Furthermore, in addition to histological assessment of any atrophic changes identified in small intestine biopsies, it is important to confirm the presence of features specific to enteropathy of non-coeliac aetiology. In both seropositive and seronegative coeliac disease, intestinal villous atrophy is accompanied by crypt hyperplasia and intraepithelial lymphocytosis [44]. Histopathological characteristics suggestive of enteropathy associated with Crohn’s disease include the presence of a lymphoplasmacytic infiltrate with neutrophilic cryptitis adjacent to histologically normal crypts, as well as usually poorly formed, non-necrotizing granulomas; however, the latter are infrequently seen in both adults and children [46].
In addition, autoimmune enteropathy with small intestinal villous blunting and crypt hyperplasia histologically mimics CD. However, autoimmune enteropathy is distinguished by deep crypt lymphocytosis with minimal surface lymphocytosis and apoptosis, and a lack of goblet and Paneth cells [47].
Common variable immune deficiency (CVID)-related enteropathy shares some histological features with CD: small intestinal villous atrophy, crypt hyperplasia, and intraepithelial lymphocytosis are present in both conditions. However, the absence of plasma cells or their smaller number and graft-versus-host-disease-like apoptosis lesions are strongly suggestive of CVID-related enteropathy rather than CD [48]. Furthermore, while villous atrophy may be central to the histopathology of both CD and collagenous sprue, the latter is characterized by the presence of distinct subepithelial collagen bands (usually >20 μm). It is worth mentioning that subepithelial collagen deposition may be observed in rare cases, and this may be a consequence of another disease, such as medication-related enteropathy or CD [49]. In addition to the rarely observed atrophy of the intestinal villi, Whipple’s disease is also characterised by PAS-positive macrophagic infiltration of the lamina propria, which also represents the diagnostic cornerstone of the disease [50].
Non-coeliac enteropathy is also indicated by villous blunting accompanied by prominent mucosal eosinophilia, typically seen in food allergy and eosinophilic gastroenteritis. Histologic criteria usually suggested for the diagnosis of eosinophilic gastroenteritis include an increased eosinophil count higher than 20 eos/hpf in the duodenum and 56 eos/hpf in the ileum [36]. In addition, the presence of dense mucosal eosinophilia, often with sheets of eosinophils and usually not accompanied by epithelial lymphocytosis, especially in children may indicate food allergy or Giardia lamblia infection [20,51]. On rare occasions, some grade of villous atrophy with prominent neutrophilic inflammation, but with a normal lymphocyte count, may be seen in peptic duodenitis in both Helicobacter pylori-positive and -negative patients; this is often accompanied by gastric metaplasia and Brunner’s gland hyperplasia [17].

6. HLA Testing

Seronegative celiac disease is the most common cause of SNVA in adults. Both seropositive and seronegative CD only occur in genetically predisposed individuals; hence, a lack of genetic predisposition to the development of celiac disease practically excludes a positive diagnosis. A patient with SNVA should therefore be tested for HLA DQ2.5 (DQA1*0501, DQB1*0201), HLA DQ2.2 (DQA1*0201, DQB1*0202), HLA DQ8 (DQA1*03, DQB1*0302), and HLA DQ7.5 (DQA1*05, DQB1*0301). A lack of DQ heterodimers or of one-half of them is sufficient to exclude a diagnosis of SNCD [52]; in such cases, there is a need to identify the causes of damage to the small intestine not associated with CD.
As the HLA DQ polymorphism significantly influences the likelihood of CD diagnosis, genetic testing can be used to not only determine a predisposition to CD but also to estimate the risk of disease. In patients with low genetic predisposition, causes of intestinal villus atrophy other than CD should be taken into account [53].

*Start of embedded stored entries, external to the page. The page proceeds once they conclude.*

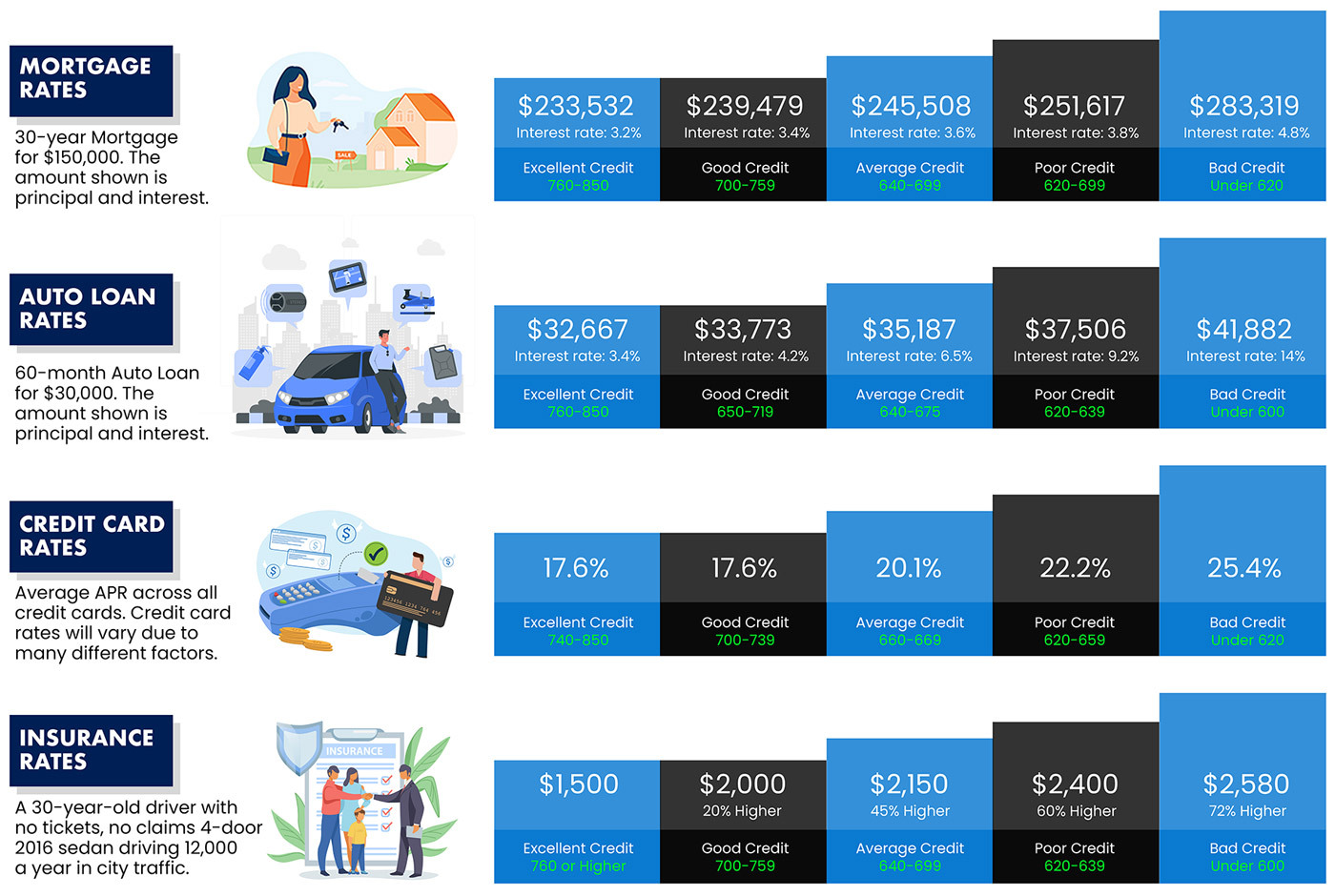 As your scores go up and negative accounts go away, your rates to loans and other services decrease.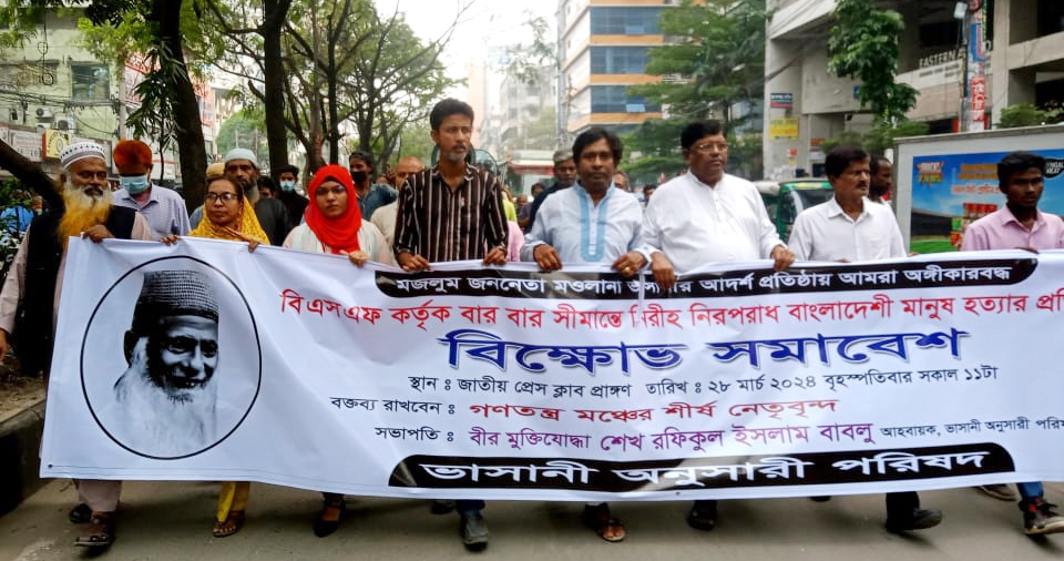 নিজস্ব প্রতিবেদকঃ ২৮ মার্চ বৃহস্পতিবার সকাল ১১টায় জাতীয় প্রেসক্লাবের সামনে ভারতীয় সীমান্তে বিএসএফ কর্তৃক বার বার বাংলাদেশী নিরীহ, নিরাপরাধ মানুষ হত্যার প্রতিবাদে ভাসানী অনুসারী পরিষদের উদ্যোগে এক বিক্ষোভ সমাবেশ অনুষ্ঠিত হয়।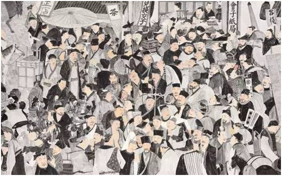 《宋代交子與紙幣發(fā)行》的整個創(chuàng)作過程,對周京新來講,就是深入到傳統(tǒng)和歷史之中,深入到具體生活的縫隙之中,扎根人民,在積累和解決問題的過程中獲得了突破。周京新說,很多同行的朋友說我們畫的這種感覺不一樣了,有不同了,我覺得這就是創(chuàng)新。創(chuàng)新都是有淵源、有道理的,不能隨便亂創(chuàng)、不能把自己胡來,或者不到位的一些做法,就當成是創(chuàng)新,不能說只要跟以前不一樣了就是創(chuàng)新。習總書記說既要像小鳥一樣在每個枝丫上跳躍鳴叫,也要像雄鷹一樣從高空翱翔俯視。我覺得這就像畫畫的空間關系處理一樣,在《宋代交子與紙幣發(fā)行》中,既要有宋代的整體歷史氣息,又要有微觀的、對每個人物眼神、服飾等細節(jié)的深入把握和了解。我覺得在我們的創(chuàng)作中,總書記說的很多精彩論斷,用在我們繪畫理論上,都是相通的,宏觀的非常到位,微觀的非常精準。周京新說,大道理都是相通的,正大的道理、堂堂正正宏觀的大道理都是和微觀相通的,習總書記的講話,和文藝家具體在做的工作、創(chuàng)作都是相通的,一點都沒有隔閡,是對文藝家最大的促進和鞭策。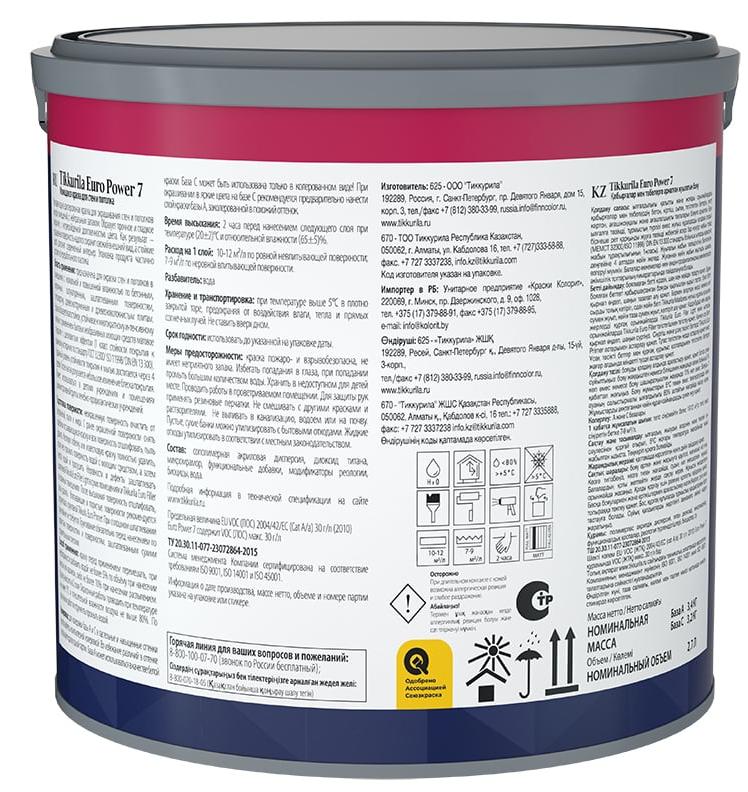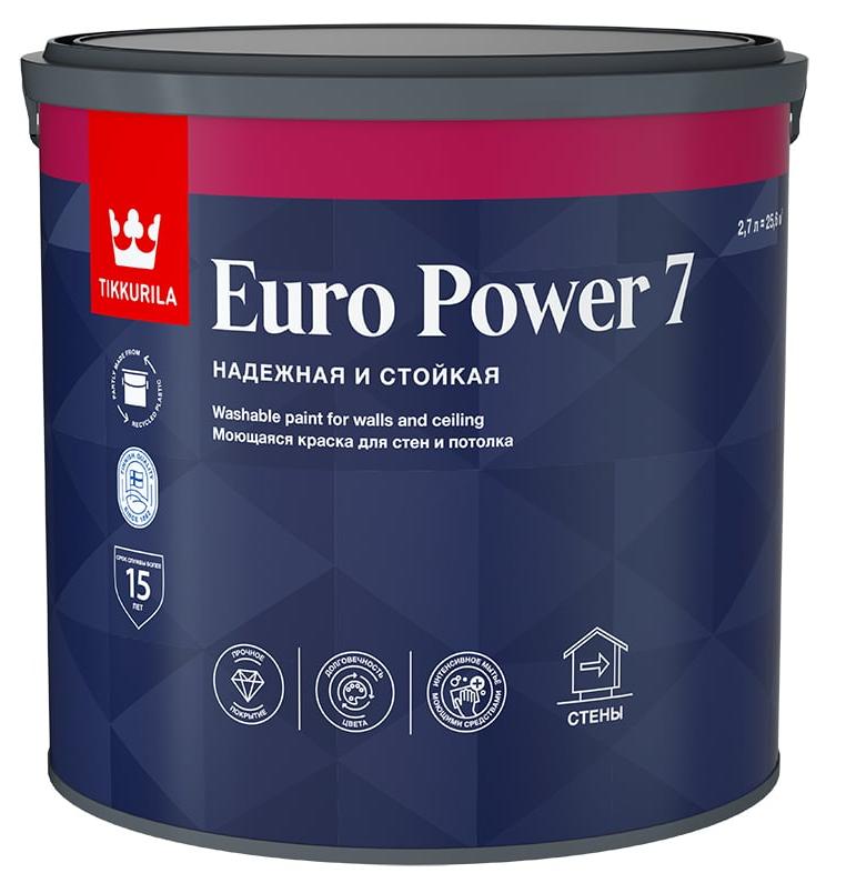 Краска Tikkurila Euro Power 7 латексная база С 2,7л. матовая, шт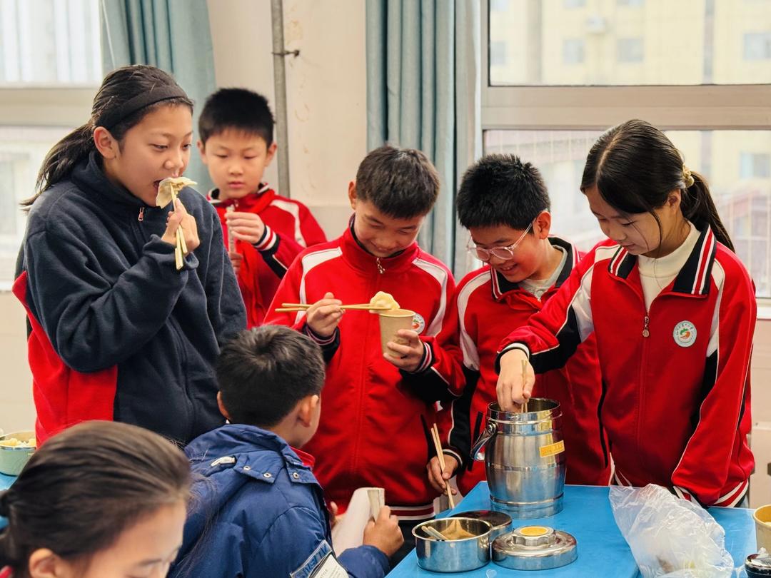 上午九时许,活动在浓浓的“家的味道”中拉开序幕。同学们从家中带来煮好的饺子,各式馅料琳琅满目。大家围坐在一起,交换品尝。热气蒸腾中,笑语洋溢,小小课堂瞬间充满了温暖质朴的生活气息。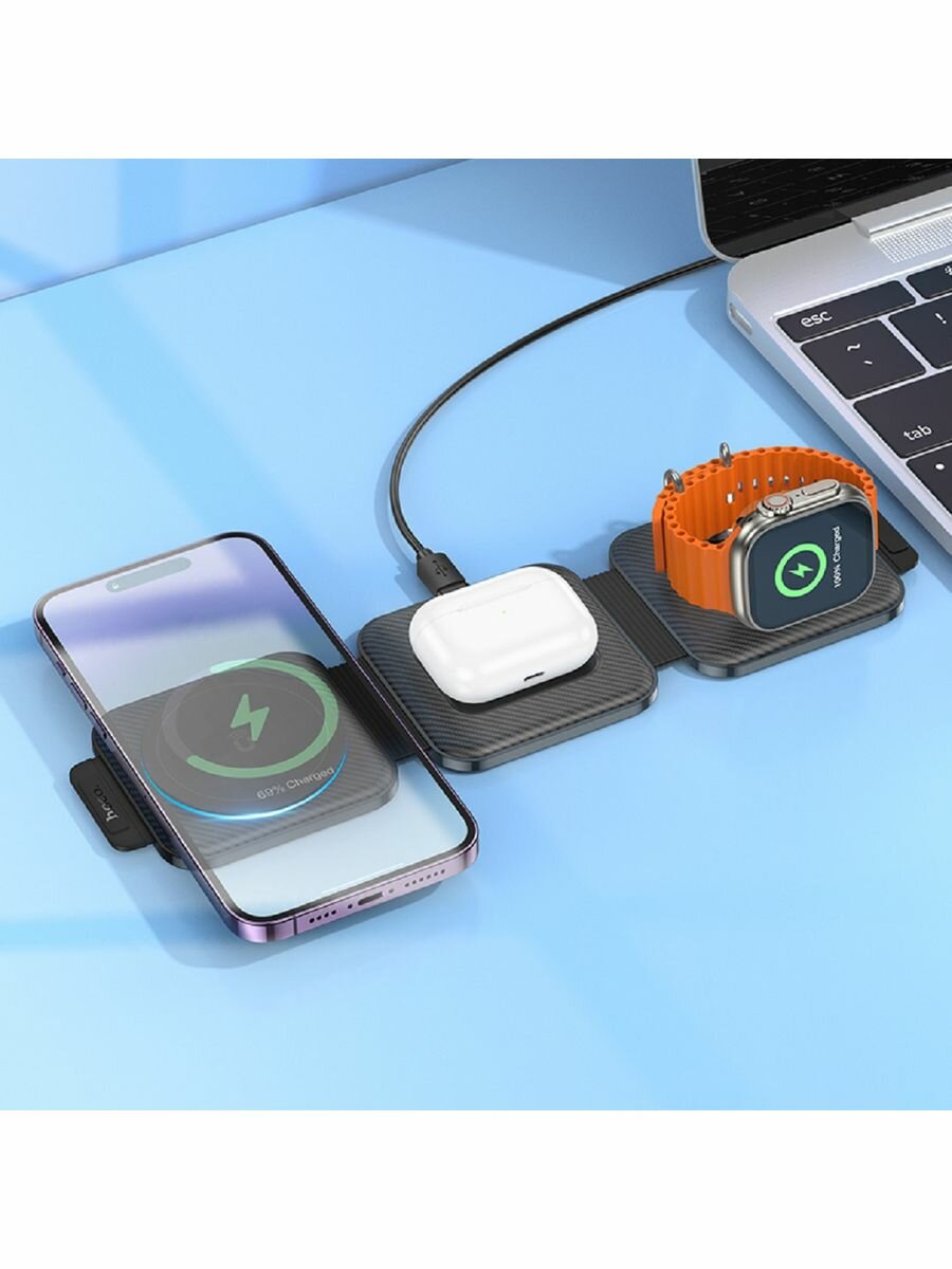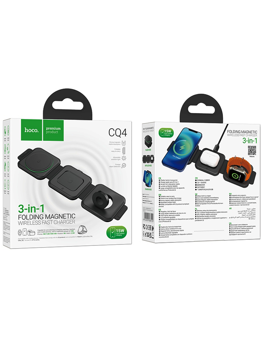 Купить Складное магнитное беспроводное быстрое зарядное устройство 3 в 1, беспроводная зарядка 15 Вт / Hoco CQ4 Fast Charger

7. Medical History in Seronegative Enteropathy

In patients with SNVA, a detailed medical history allows more focussed diagnostic procedures to be used and limits the need for expensive and often poorly available laboratory testing. A number of drugs can cause drug-induced enteropathy, such as non-steroidal anti-inflammatory drugs (NSAIDs) and angiotensin II receptor blockers, as well as azathioprine, methotrexate, and mycophenolate mofetil [27,28,29,30,31]. As some forms of SNVA unrelated to gluten can develop as a consequence of an infection, a history of recent travel and correlation with other infectious symptoms should be carefully evaluated. For example, a recent visit, particularly one longer than a month, to a region between 30° north and 30° south of the equator, especially Cuba, Haiti, Puerto Rico, the Dominican Republic, India, Vietnam, Burma, Malaysia, and Indonesia, may indicate tropical sprue [46] while a recent history of acute self-limiting diarrhoea may suggest post-viral enteropathy [38]. Drinking unboiled water from streams, rivers, and lakes, or staying in developing countries characterised by poor sanitary and epidemiological conditions are known risk factors for Giardia lamblia infection [38]; in addition, abdominal surgery, diseases associated with intestinal motility disorders, and the use of drugs that inhibit gastric secretions are risk factors for SIBO [54]. A history of recurrent opportunistic infections often associated with weight loss and night sweats in patients with SNVA should prompt a workup for HIV-enteropathy [48]. Alternatively, intermittent watery diarrhoea caused by the Gram-positive bacterium Tropheryma whipplei, in a patient with long-standing seronegative arthritis, weight loss, fever, and lymphadenopathy is characteristic of late-course Whipple’s disease [50].
Common variable immune deficiency (CVID) should be suspected in patients with SNVA and recurrent infections, mostly involving the respiratory and gastrointestinal tract and/or coexisting autoimmune diseases, particularly haemolytic anaemia and immune thrombocytopenia purpura. However, the differentiation between CVID-related enteropathy and CD in a patient with CVID may be challenging. It is worth mentioning that HLA-DQ2/DQ8 negativity and non-responsiveness to a gluten-free diet might also play valuable roles in ruling out CD in such patients [48].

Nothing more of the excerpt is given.